Starting with the first line of the listing, quote each line exactly until and including the one with "This was a 1980", leaving pictures out.
------------------------------------------------
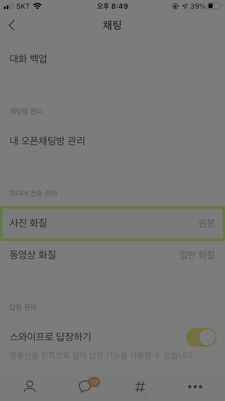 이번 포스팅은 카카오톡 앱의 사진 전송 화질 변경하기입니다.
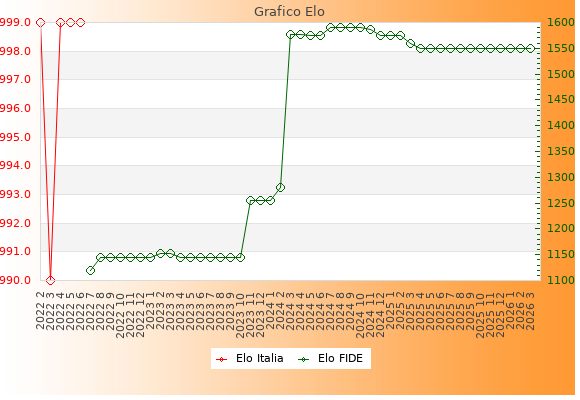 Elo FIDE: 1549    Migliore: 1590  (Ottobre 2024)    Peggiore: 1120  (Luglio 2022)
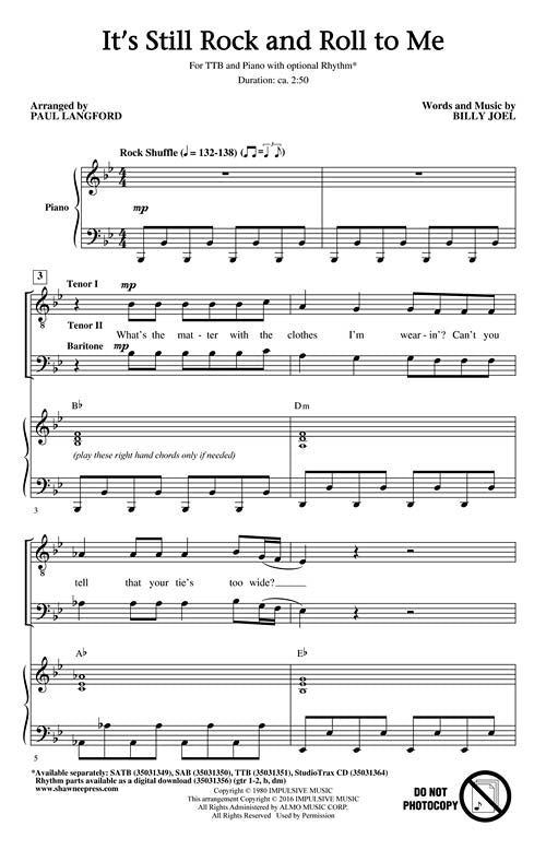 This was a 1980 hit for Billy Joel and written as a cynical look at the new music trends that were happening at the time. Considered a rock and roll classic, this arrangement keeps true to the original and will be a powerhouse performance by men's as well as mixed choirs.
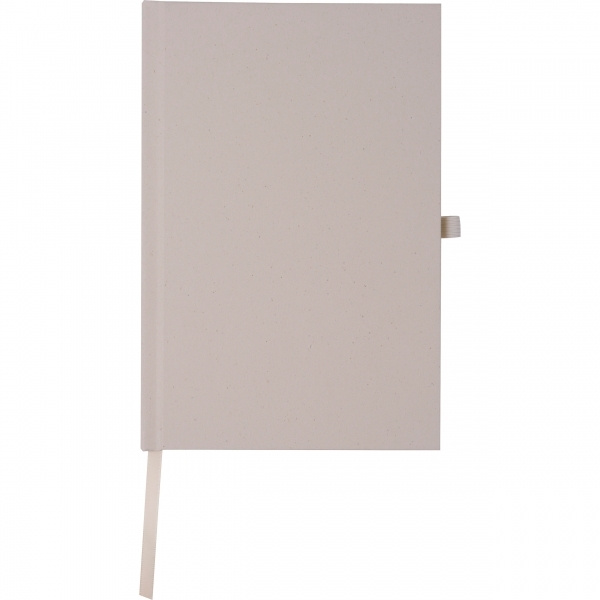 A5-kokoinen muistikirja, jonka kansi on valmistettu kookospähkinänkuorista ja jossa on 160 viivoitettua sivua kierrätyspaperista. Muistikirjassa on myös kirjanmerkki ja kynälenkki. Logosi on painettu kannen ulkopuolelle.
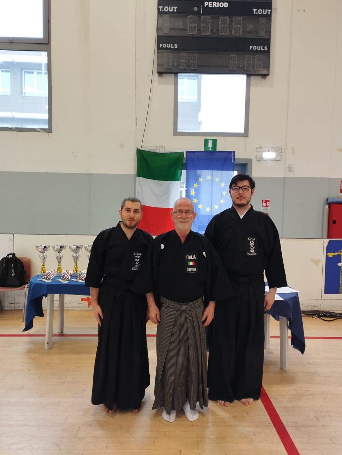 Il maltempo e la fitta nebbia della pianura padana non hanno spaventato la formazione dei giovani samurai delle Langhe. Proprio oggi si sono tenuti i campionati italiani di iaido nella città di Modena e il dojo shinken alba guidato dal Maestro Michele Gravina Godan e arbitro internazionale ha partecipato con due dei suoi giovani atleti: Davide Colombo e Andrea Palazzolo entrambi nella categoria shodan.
------------------------------------------------
* _SOLUTION TO THE PROBLEM_:
 이번 포스팅은 카카오톡 앱의 사진 전송 화질 변경하기입니다.
 Elo FIDE: 1549    Migliore: 1590  (Ottobre 2024)    Peggiore: 1120  (Luglio 2022)
 This was a 1980 hit for Billy Joel and written as a cynical look at the new music trends that were happening at the time. Considered a rock and roll classic, this arrangement keeps true to the original and will be a powerhouse performance by men's as well as mixed choirs.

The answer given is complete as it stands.